To overcome trauma, you must speak of it. But what do I do if my personality doesn’t allow me to speak aloud of experiences, despite the overwhelming thoughts, feelings, and actions that are driven by the concept of his death and the idea that he doesn’t exist anymore. I write about it. I write about the mawkish nonfiction story of my friend who I loved, even though I’ve never been a fan of sentimental talk. I write about him even though he is somewhere making fun of me, knowing that I would never admit to my fondness of him if he were still here. Our love was insults, jokes, and sarcasm. He must be ridiculing me right this moment.
09
THE DEATH OF MY PORCH
That porch was my best-loved spot before it died. The porch smack dab in the middle of the woods on 59805 in Clearfield, Wisconsin. Somehow, no matter what time of day it was, the sunlight view from that porch always seemed to be at a level where it perfectly hit the trees and exposed the juicy blackberries that bloom in August. No matter the weather, the warmth of that sun on my face acted as a blanket of comfort for me. I needed that comfort on the day you escaped us, but my favorite porch couldn’t help me. One of the reasons I loved this spot so much was because it was the cutoff of the Wi-Fi. If I move even just a hair more into the trees, all connection I had with the virtual world was gone, as if I were to step through one of those portals that you see in movies. The ones that take you to an entirely different world.

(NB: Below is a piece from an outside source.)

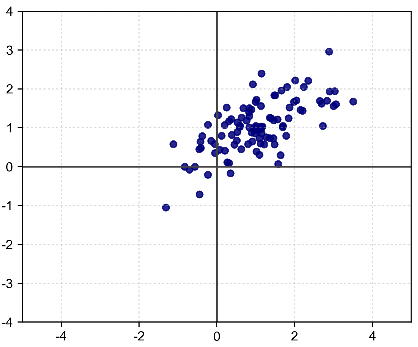 - 平移(向量 $\mathbf{b}$):將整個分佈的中心往右上方平移至座標 $(1, 1)$

Sometimes I enjoyed the other side of Wi-Fi world, but occasionally at my cabin in the woods, I longed to know what was happening at home. It seemed like a perfect Saturday. We were going to have our engagement photos taken right near the lake, just down the road. I spent the morning adjusting every curl on my head and wrinkle in the yellow, floral dress I bought specifically for the occasion. I even wore long shining earrings, something I never do. Before heading down to the lake, I took a slow walk to the porch from my cabin. The back path to the porch on my grandparent's house was dark, even at 10:00 in the morning. I could hear the confused crickets from last night still chirping, and the faint sound of a breeze coming through the hundreds of trees surrounding me was brushing my skin. I eventually hit that gleaming sun that overlooked my favorite porch, but within minutes I began to experience an event that was anything but a sunny day.